- [What you are asked to do]:
Pictures aside, can you reproduce the records word for word?

====== Extracted data ======

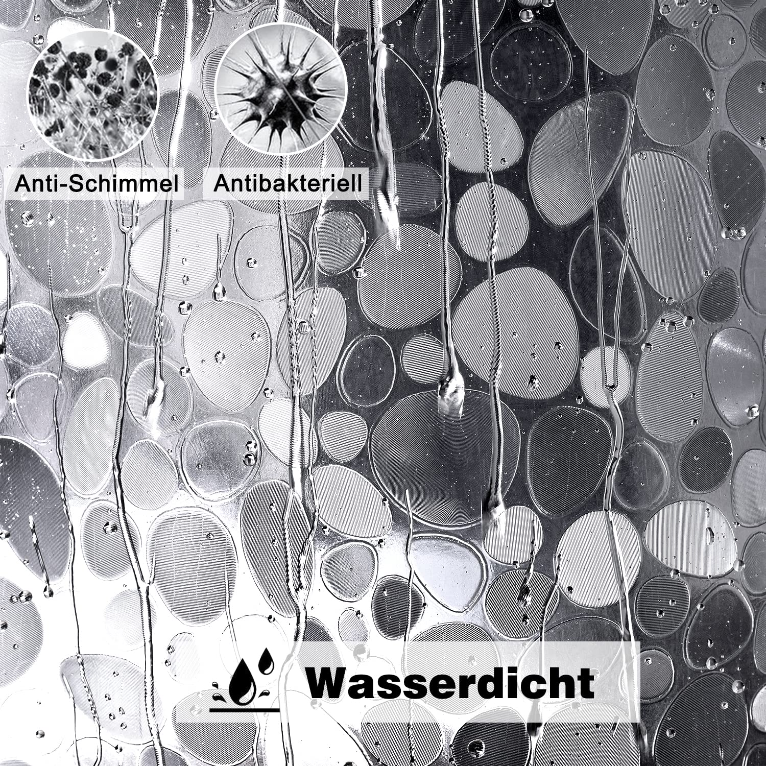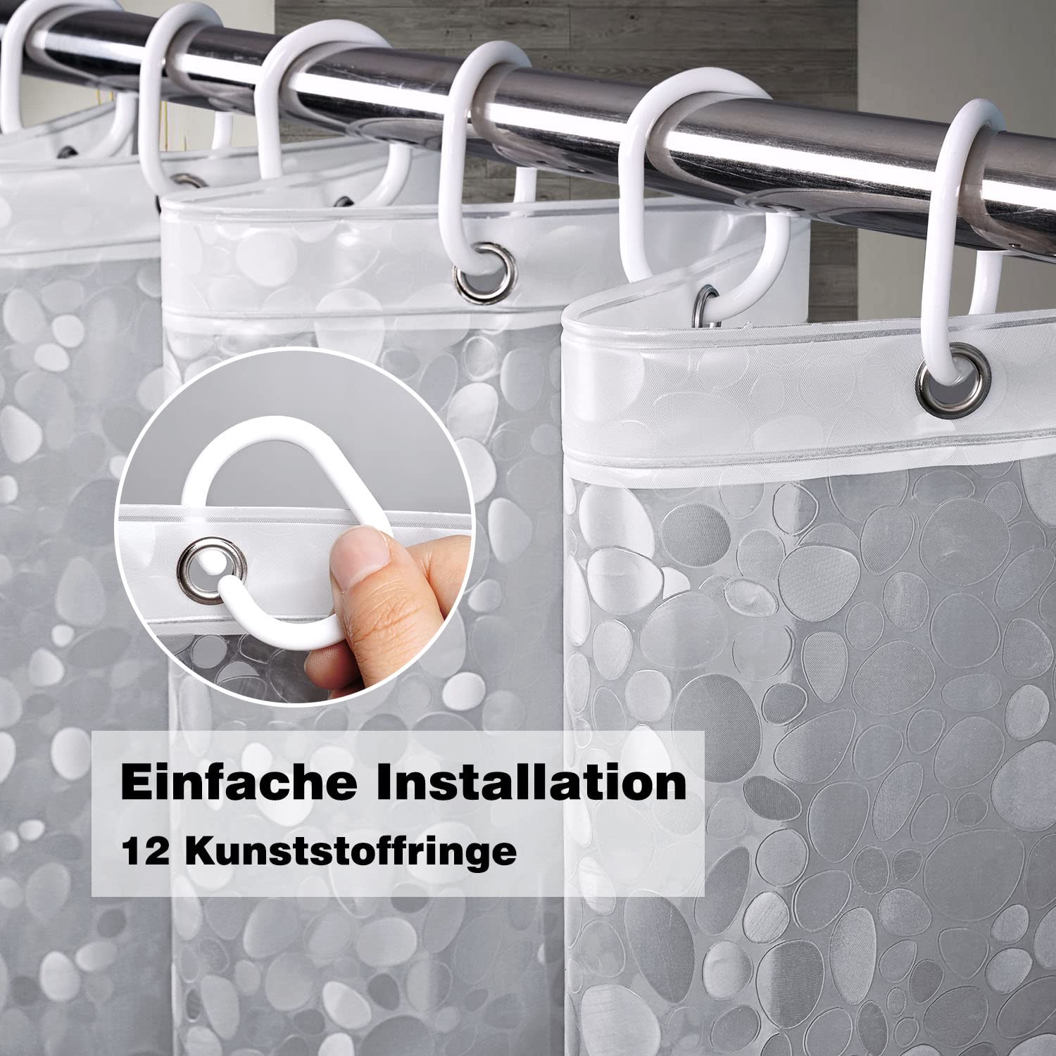 "Magnetic weights and metal eyelets: Three magnets on the bottom of the shower curtain liner can hold the curtain in place without sticking to or tying on you. The rustproof metal eyelets on the top prevent the curtain from tearing and damaging.","Material: EurCross semi-transparent 3D pebbles shower curtain 72 x 78 inches made of 100% EVA material, PVC and BPA free. High-quality EVA material provides an anti-mold and anti-bacterial effect, effectively preventing the growth of mold and bacteria. The semi-transparent 3D pebbles pattern protects your privacy well.","Waterproof: The shower curtain 72 x 78 inches is made of 100% EVA, which has good hydrophobicity. The smooth surface of the transparent shower curtain allows water drops to bead off easily, making the shower curtain waterproof.","Easy Installation: The shower curtain is 72x78 inches in size and features 12 rustproof metal eyelets on the top of the curtain and 12 plastic rings, allowing you to easily install your transparent shower curtain. It is perfect for straight or curved shower rods. The shower curtain 72x78 inches can easily cover the bathtub. very convenient and durable. It is very suitable for family and hotel.","Easy to clean: This Shower Curtain 72x78 inches is easy to clean, simply wipe the surface with a soft cloth or sponge and open the window after bathing."
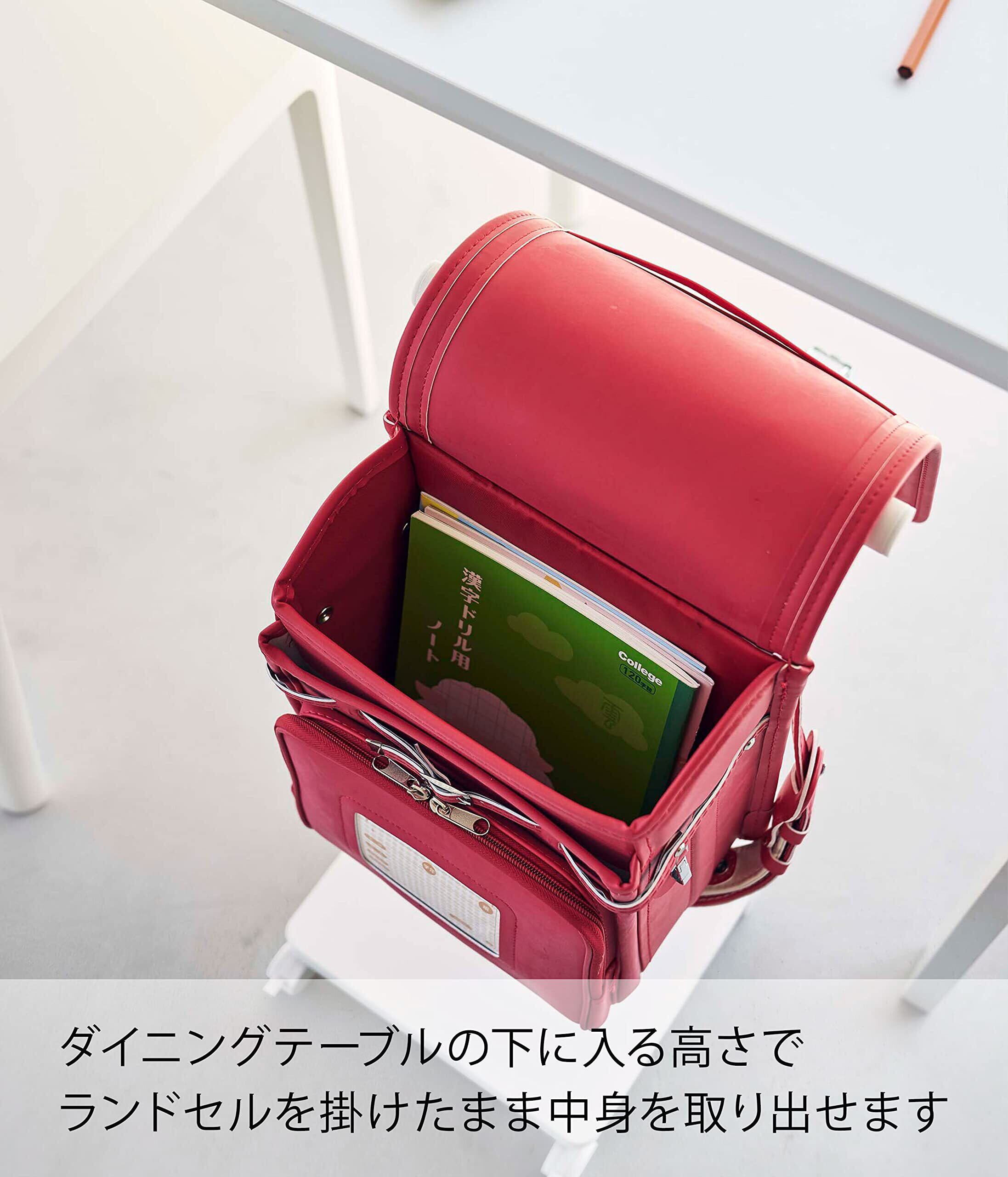 ランドセルの持ち手部分をフックに掛けても収納可能。
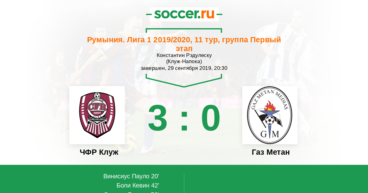 Протокол матча ЧФР Клуж против Газ Метан
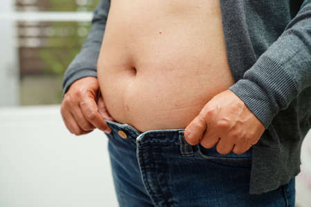 Overweight asian woman use hand to squeeze fat belly big size overweight and obesity.
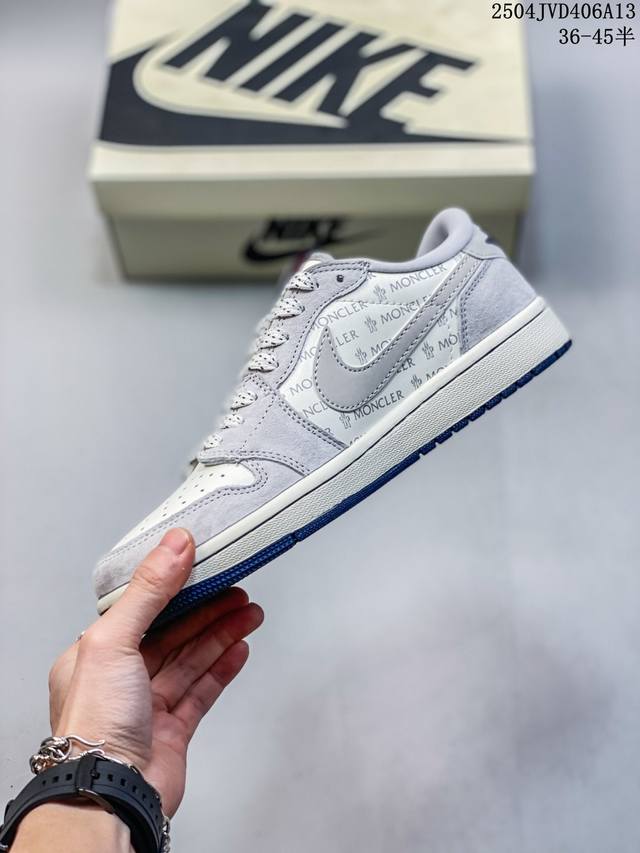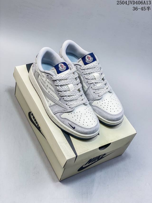 海外爆款限量发售!公司级 Travis Scott X Fragment Design X Jordan Air Jordan 1 Low Og Sp “蒙口联名 白灰英文” 多方联名合作融合了Travis Scott 独特的音乐风格,藤原浩个性的设计风格以及Jordan品牌的经典元素 使其成为一双具有独特身份和价值的鞋子 清新而立体的外观加上联名标识更突出了其独特身份 这种配色方案显示出活力和时尚感 在视觉上引人注目 鞋身的质感和细腻的细节处理使其显得高端而格调十足 这款“倒钩”联名是设计与创意完美结合

======

- [Task output]:
 "Magnetic weights and metal eyelets: Three magnets on the bottom of the shower curtain liner can hold the curtain in place without sticking to or tying on you. The rustproof metal eyelets on the top prevent the curtain from tearing and damaging.","Material: EurCross semi-transparent 3D pebbles shower curtain 72 x 78 inches made of 100% EVA material, PVC and BPA free. High-quality EVA material provides an anti-mold and anti-bacterial effect, effectively preventing the growth of mold and bacteria. The semi-transparent 3D pebbles pattern protects your privacy well.","Waterproof: The shower curtain 72 x 78 inches is made of 100% EVA, which has good hydrophobicity. The smooth surface of the transparent shower curtain allows water drops to bead off easily, making the shower curtain waterproof.","Easy Installation: The shower curtain is 72x78 inches in size and features 12 rustproof metal eyelets on the top of the curtain and 12 plastic rings, allowing you to easily install your transparent shower curtain. It is perfect for straight or curved shower rods. The shower curtain 72x78 inches can easily cover the bathtub. very convenient and durable. It is very suitable for family and hotel.","Easy to clean: This Shower Curtain 72x78 inches is easy to clean, simply wipe the surface with a soft cloth or sponge and open the window after bathing."
 ランドセルの持ち手部分をフックに掛けても収納可能。
 Протокол матча ЧФР Клуж против Газ Метан
 Overweight asian woman use hand to squeeze fat belly big size overweight and obesity.
 海外爆款限量发售!公司级 Travis Scott X Fragment Design X Jordan Air Jordan 1 Low Og Sp “蒙口联名 白灰英文” 多方联名合作融合了Travis Scott 独特的音乐风格,藤原浩个性的设计风格以及Jordan品牌的经典元素 使其成为一双具有独特身份和价值的鞋子 清新而立体的外观加上联名标识更突出了其独特身份 这种配色方案显示出活力和时尚感 在视觉上引人注目 鞋身的质感和细腻的细节处理使其显得高端而格调十足 这款“倒钩”联名是设计与创意完美结合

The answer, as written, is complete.